Graham John Edwards AM (born 18 July 1946) is an Australian soldier, veterans' advocate and Labor Party member who represented the electorate of Cowan in the Australian House of Representatives from 1998 to 2007.

He was born in Kalgoorlie, Western Australia, and voluntarily joined the Australian Army for service in the Vietnam War in 1968. On 12 May 1970, he was severely injured, losing both legs. After leaving the Army he joined the Department of Defence as an officer with the Vietnam Veterans' Counselling Service. He was elected to the Council of the City of Stirling in 1981.

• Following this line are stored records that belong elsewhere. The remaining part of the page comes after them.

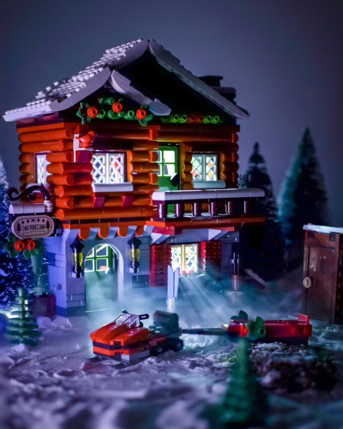 I made sure to position myself in front of a white wall which helped me a lot to simulate a winter landscape. I lit the interior of the chalet and positioned my LED panel on the left of the stage to have side lighting simulating the moon.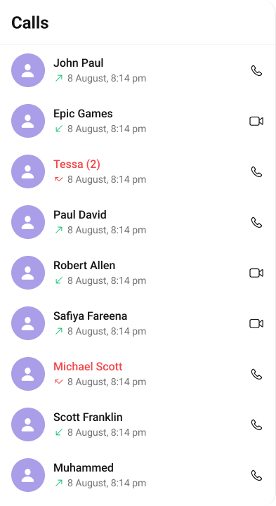 CometChatCallLogs is a Component that shows the list of Call Log available . By default, names are shown for all listed users, along with their avatar if available.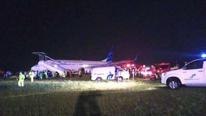 Pesawat Garuda Indonesia tergelincir di landasan pacu Bandara Adisutjipto, Yogyakarta, Rabu (1/2/2017) pukul 19.51 WIB di tengah hujan lebat.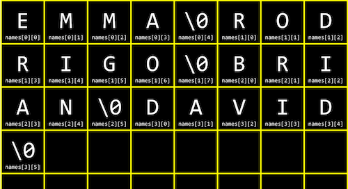이는 names[0][1]과 같이 2차원 배열을 통해 접근할 수 있습니다.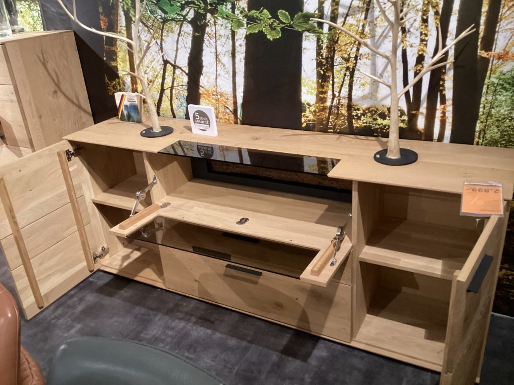 Bemerkung Das HARTMANN Modell "Lavia" beeindruckt durch seine edle Verarbeitung und das zeitlose Design, das in jedem Raum eine stilvolle Atmosphäre schafft. Gefertigt aus Natureiche, besticht das Möbelstück durch die natürliche Maserung und die warme Ausstrahlung des Holzes. Die Maße von 192x77x44cm machen es zu einem großzügig bemessenen Element, das vielseitig eingesetzt werden kann. Die robuste Struktur mit einem stabilen Sockel unterstreicht nicht nur die Qualität der Verarbeitung, sondern sorgt auch für eine zuverlässige Standfestigkeit. Obwohl "Lavia" als Ausstellungsware dient, verliert es nicht an Charme oder Funktionalität. Es verkörpert die perfekte Balance zwischen moderner Eleganz und natürlichem Charisma, ideal für alle, die ihrem Zuhause einen Hauch von zeitlosem Design verleihen möchten.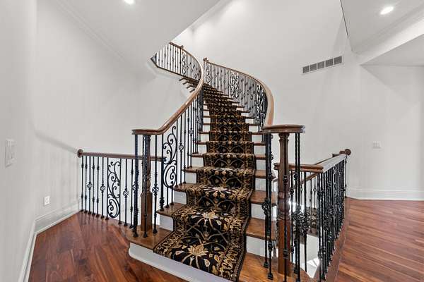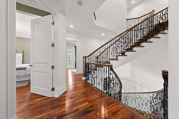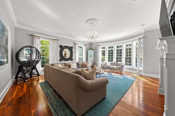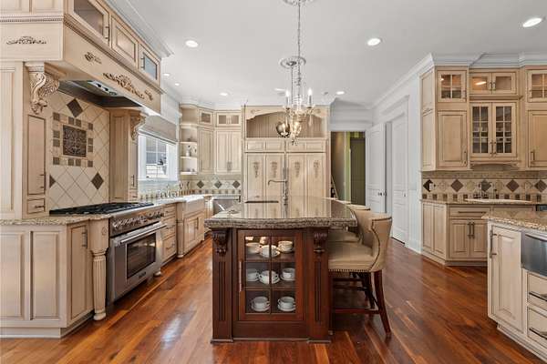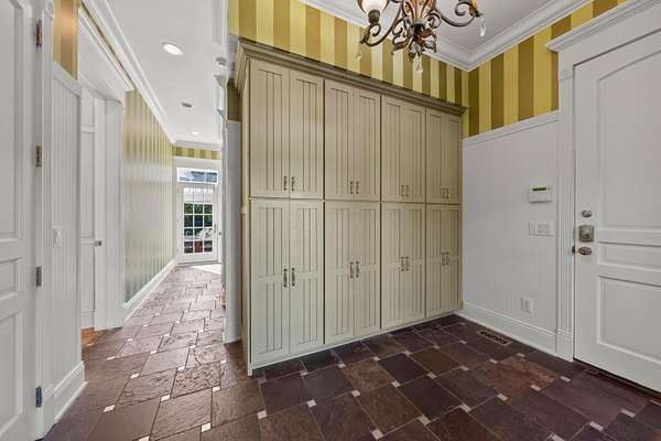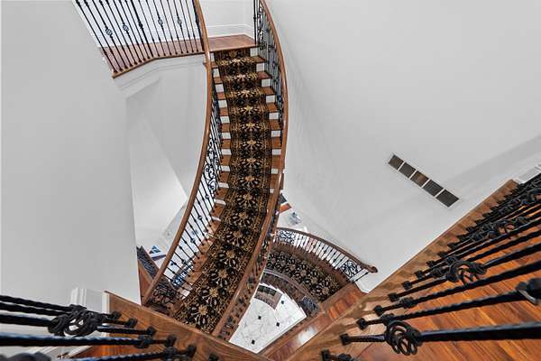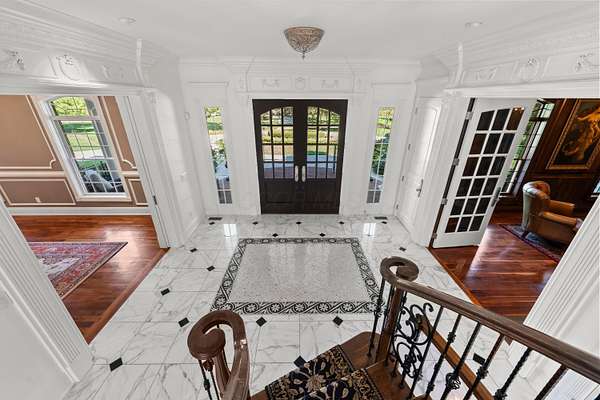 Timeless Georgian architecture on nearly three acres in a private cul-de-sac. This impressive estate begins with ten-foot tall walnut double entry doors and a porte-cochere. The home offers over 10,000 square feet of thoughtfully designed living space, including a separate in-law or au pair suite. It begins with imported Italian marble and an expansive open staircase that sets the tone for the home's impressive scale.

Edwards was elected to the Western Australian Legislative Council in 1983. He was Parliamentary Secretary to the Cabinet 1987, Minister for Sport and Recreation 1987–89, Minister for Consumer Affairs 1988–93, Minister for Racing and Gaming, Sport and Recreation and Youth 1989–90, Minister for Police and Emergency Services 1990–93, Minister for the Aged 1990–91. Following the defeat of the Labor government of Carmen Lawrence in 1993, he was Leader of the Opposition in the Legislative Council and Shadow Minister for Tourism and Fisheries 1993–94. He retired from the Legislative Council in 1997.

Edwards was first elected to the Australian parliament at the 1998 federal election. He retired from politics at the 2007 federal election.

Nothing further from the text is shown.